▶ Task to complete
Without the pictures, set down the records below word for word.

▶ Source material
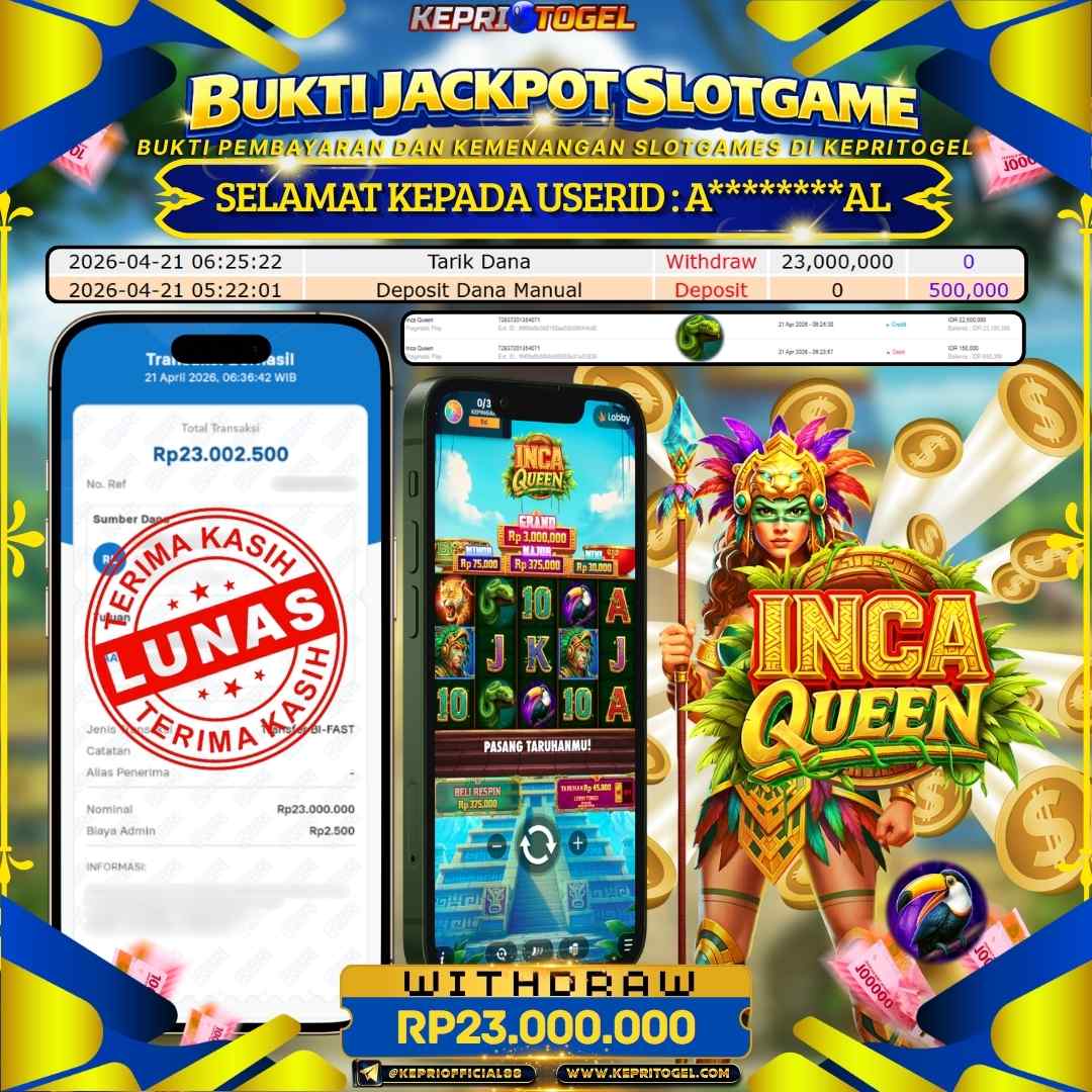 Selamat kepada UserId A********AL telah berhasil mendapatkan kemenangan jackpot pada permainan Slot Inca Queen Kepritogel sebesar Rp23,000,000- . Kepritogel situs terpercaya sejak dulu hingga saat ini , Untuk kemenangan berapapun pasti akan kami bayarkan . Jangan ragu bermain di Kepri Togel . Kami pihak Kepritogel Menyampaikan terima kasih kepada seluruh member Kepri Togel yang telah Percaya dan setia Bersama kami bermain di Kepritogel hingga saat ini.
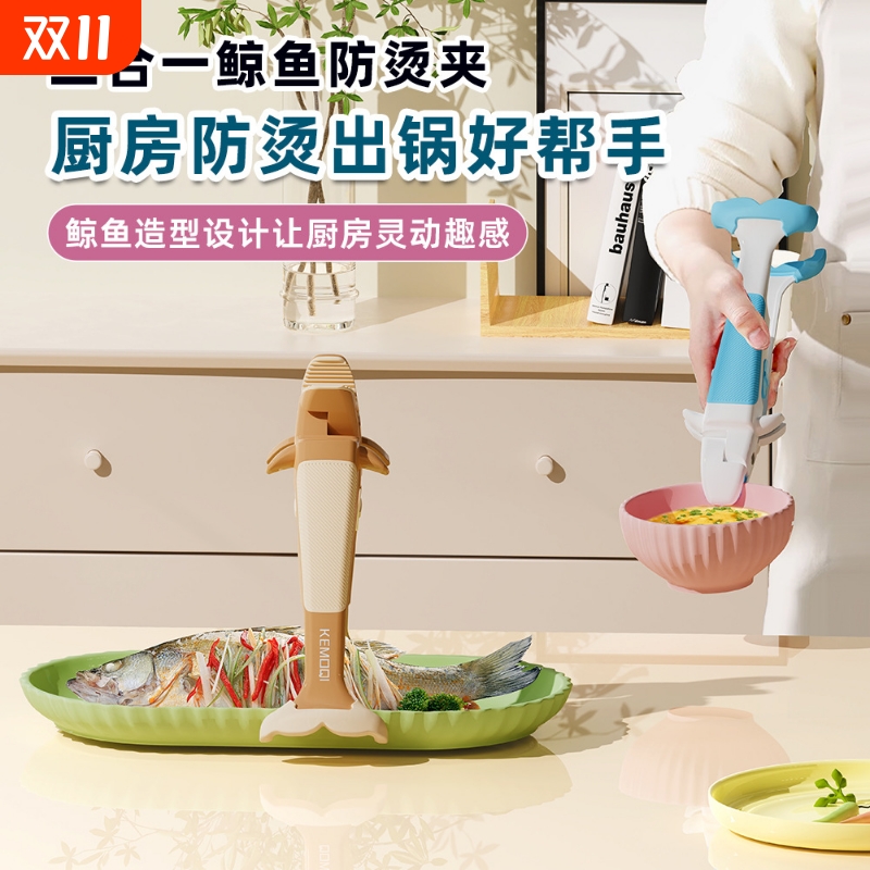 厨房专用二合一鲸鱼防烫夹硅胶防滑提盘器蒸锅蒸菜取碗夹盘子神器
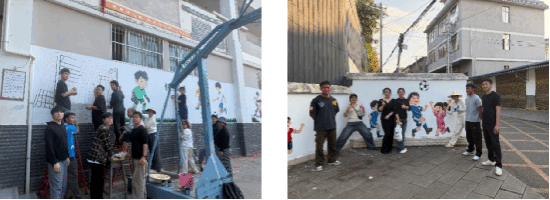 为积极响应美育助力乡村教育高质量发展的号召,深化校地合作,美育浸润计划师生团队精心策划组织了本次墙绘活动。bv1946伟德官网优秀美育浸润支教团队,由带队教师焦捷与学生组成的跨学科师生团队,将专业所学与社会实践紧密结合,利用课余时间,历时一周,圆满完成了面积逾百平方米的大型主题系列墙绘。
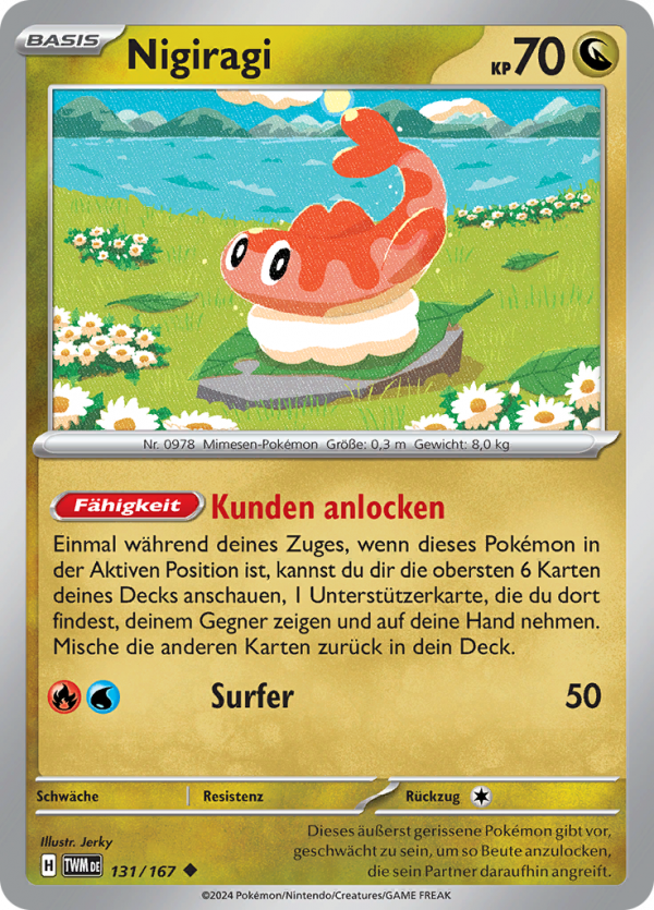 | Kaufen? | Kaufen Sie Ihre Nigiragi Pokemon-Karte aus dem Maskerade im Zwielicht-Erweiterung. |
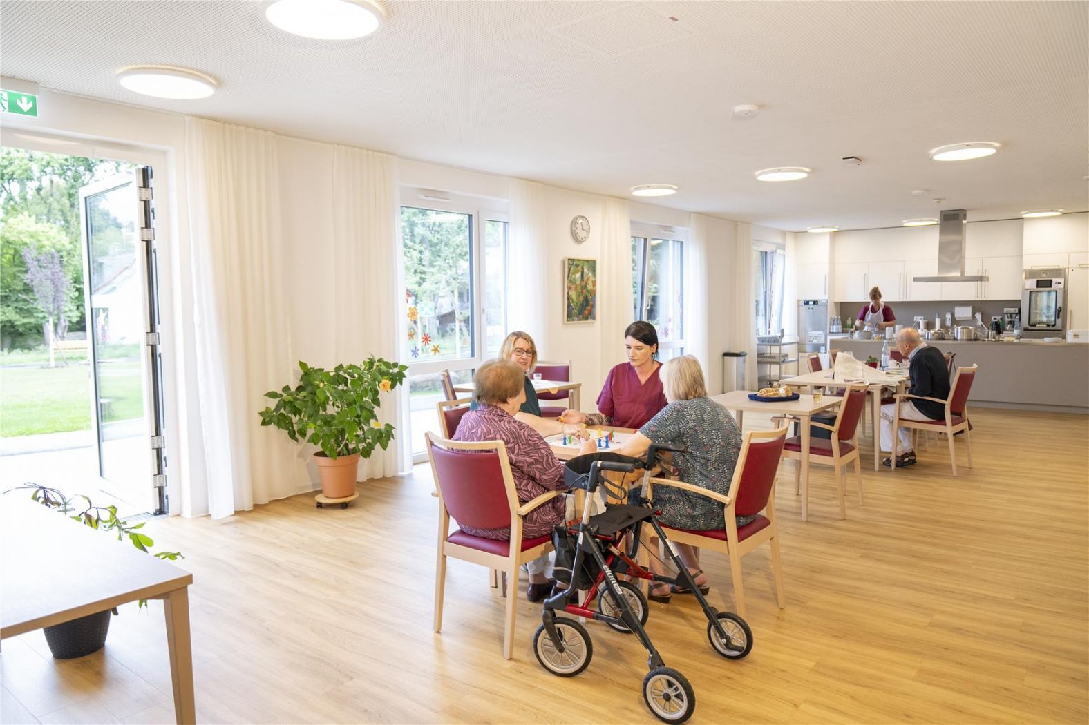 Das Pflege- und Betreuungsteam unserer Einrichtung begleitet die Gäste kontinuierlich in ihrem Tagesablauf, nach dem Prinzip der Bezugspersonenpflege. Die verbleibenden Fähigkeiten und Bedürfnisse der Gäste sind die Vorgabe in der Gestaltung der räumlich-sozialen und organisatorischen Umwelt.

▶ Answer for this exercise
 Selamat kepada UserId A********AL telah berhasil mendapatkan kemenangan jackpot pada permainan Slot Inca Queen Kepritogel sebesar Rp23,000,000- . Kepritogel situs terpercaya sejak dulu hingga saat ini , Untuk kemenangan berapapun pasti akan kami bayarkan . Jangan ragu bermain di Kepri Togel . Kami pihak Kepritogel Menyampaikan terima kasih kepada seluruh member Kepri Togel yang telah Percaya dan setia Bersama kami bermain di Kepritogel hingga saat ini.
 厨房专用二合一鲸鱼防烫夹硅胶防滑提盘器蒸锅蒸菜取碗夹盘子神器
 为积极响应美育助力乡村教育高质量发展的号召,深化校地合作,美育浸润计划师生团队精心策划组织了本次墙绘活动。bv1946伟德官网优秀美育浸润支教团队,由带队教师焦捷与学生组成的跨学科师生团队,将专业所学与社会实践紧密结合,利用课余时间,历时一周,圆满完成了面积逾百平方米的大型主题系列墙绘。
 | Kaufen? | Kaufen Sie Ihre Nigiragi Pokemon-Karte aus dem Maskerade im Zwielicht-Erweiterung. |
 Das Pflege- und Betreuungsteam unserer Einrichtung begleitet die Gäste kontinuierlich in ihrem Tagesablauf, nach dem Prinzip der Bezugspersonenpflege. Die verbleibenden Fähigkeiten und Bedürfnisse der Gäste sind die Vorgabe in der Gestaltung der räumlich-sozialen und organisatorischen Umwelt.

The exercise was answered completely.